Records provided Block Start

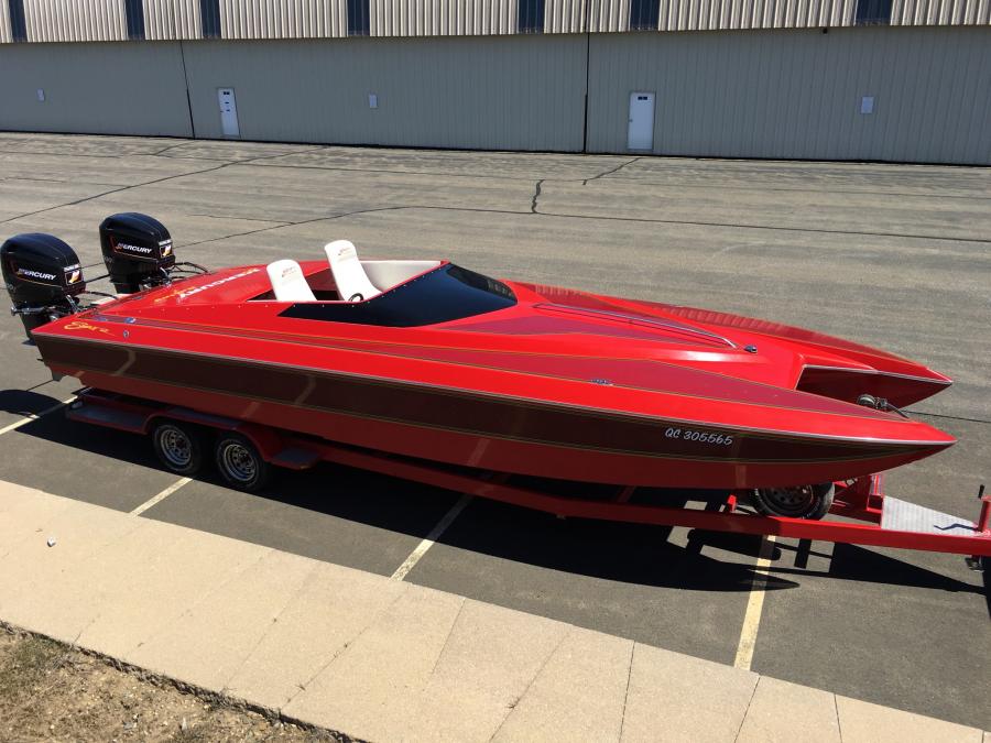 Labbed Mercury 34x15 humpback Cleavers. 1995 Douglas Marine trailer. New interior. SmartCraft gauges, 2 covers, race hatch, trim on throttles, gps speedometer. 118 mph.
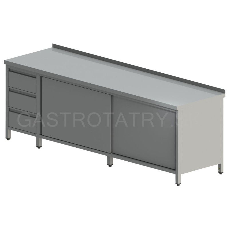 Pracovný stôl 3-zásuvkový bočný, posuvné dvere, dlhý
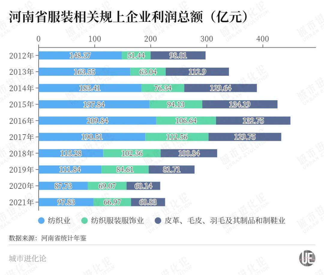 统计年鉴显示,2020年河南服装相关规上企业1782家,较2015年减少313家。营收和利润总额分别为2760亿元、217亿元,均缩水50%左右。虽然这与全国纺织服装服饰业的发展轨迹大体一致,但亦使得河南服装产业的结构性问题加速暴露。
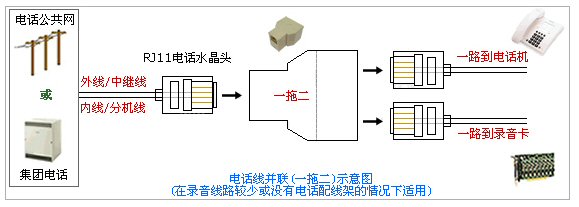 2. 電話線并聯(lián)方式:(采用一拖二將電話線路一分為二,一路到電話機,一路到錄音卡)
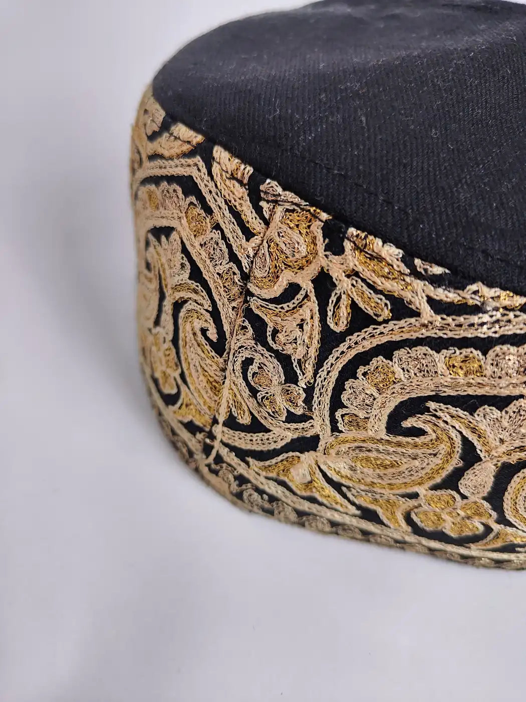 Designed in wool, this black colour caps for man showcase tilla zari work that showcase continuous badam patterns along sides and plain top. This cap is ideal for special occasions, adding tradition, grace, and a refined presence to attire.
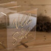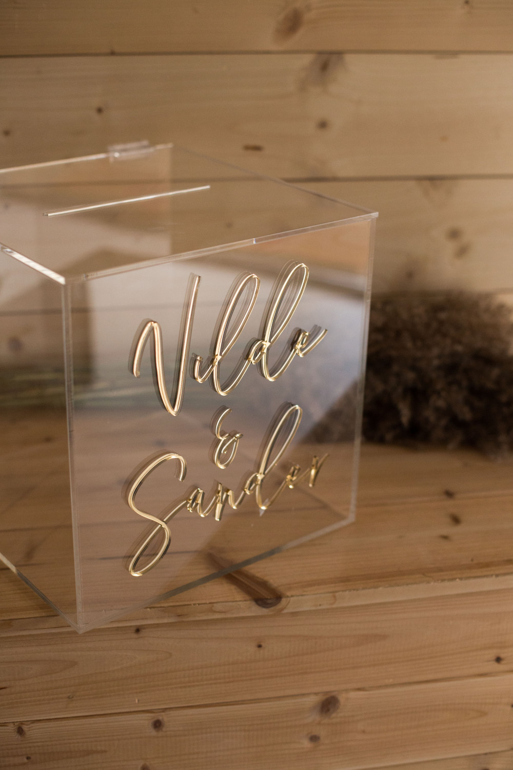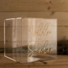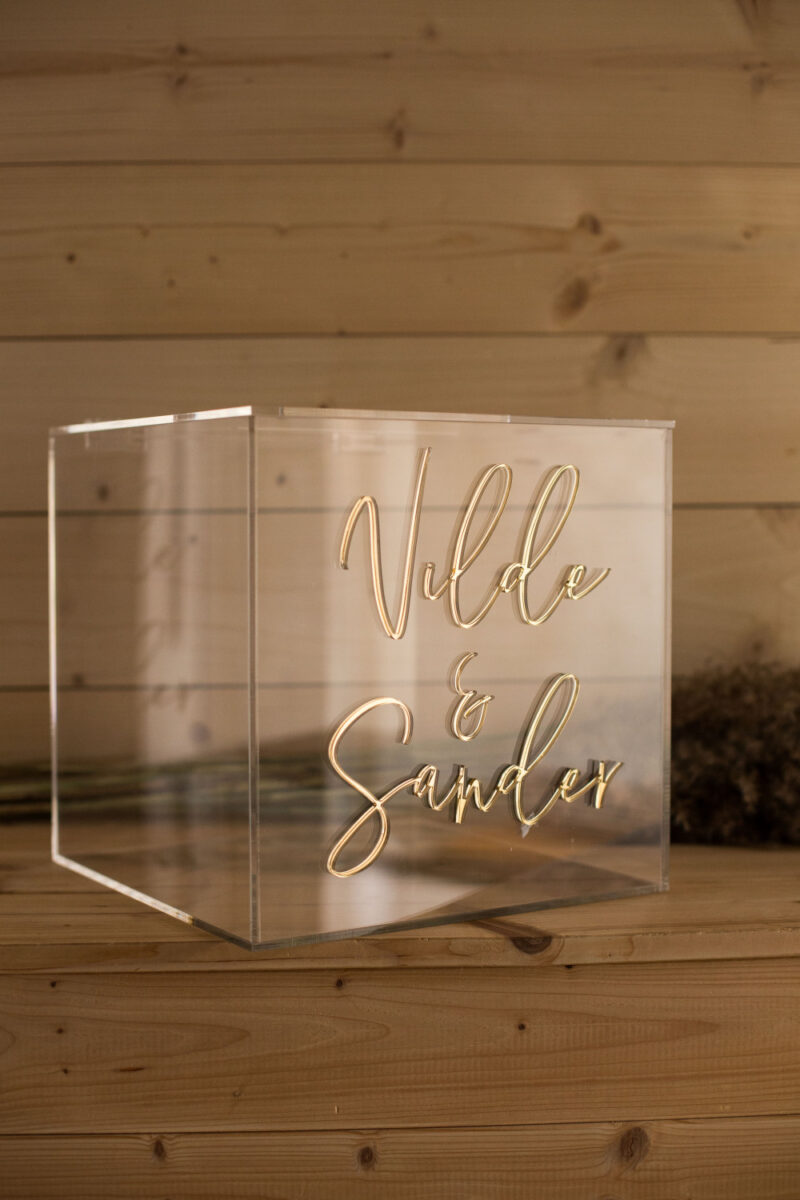 Boksen produseres i blank akryl, som gir et moderne og eksklusivt uttrykk. Den personaliseres med navn, dato eller ønsket tekst i ulike farger – slik at den passer perfekt sammen med øvrige festdekorasjoner og detaljer på gavebordet.

Records provided Block End

### Assignment
Where a line contains "Pracovný stôl 3-zásuvkový", begin there and transcribe every line through the last one of the records above, exactly and with no pictures.

### Task result
 Pracovný stôl 3-zásuvkový bočný, posuvné dvere, dlhý
 统计年鉴显示,2020年河南服装相关规上企业1782家,较2015年减少313家。营收和利润总额分别为2760亿元、217亿元,均缩水50%左右。虽然这与全国纺织服装服饰业的发展轨迹大体一致,但亦使得河南服装产业的结构性问题加速暴露。
 2. 電話線并聯(lián)方式:(采用一拖二將電話線路一分為二,一路到電話機,一路到錄音卡)
 Designed in wool, this black colour caps for man showcase tilla zari work that showcase continuous badam patterns along sides and plain top. This cap is ideal for special occasions, adding tradition, grace, and a refined presence to attire.
 Boksen produseres i blank akryl, som gir et moderne og eksklusivt uttrykk. Den personaliseres med navn, dato eller ønsket tekst i ulike farger – slik at den passer perfekt sammen med øvrige festdekorasjoner og detaljer på gavebordet.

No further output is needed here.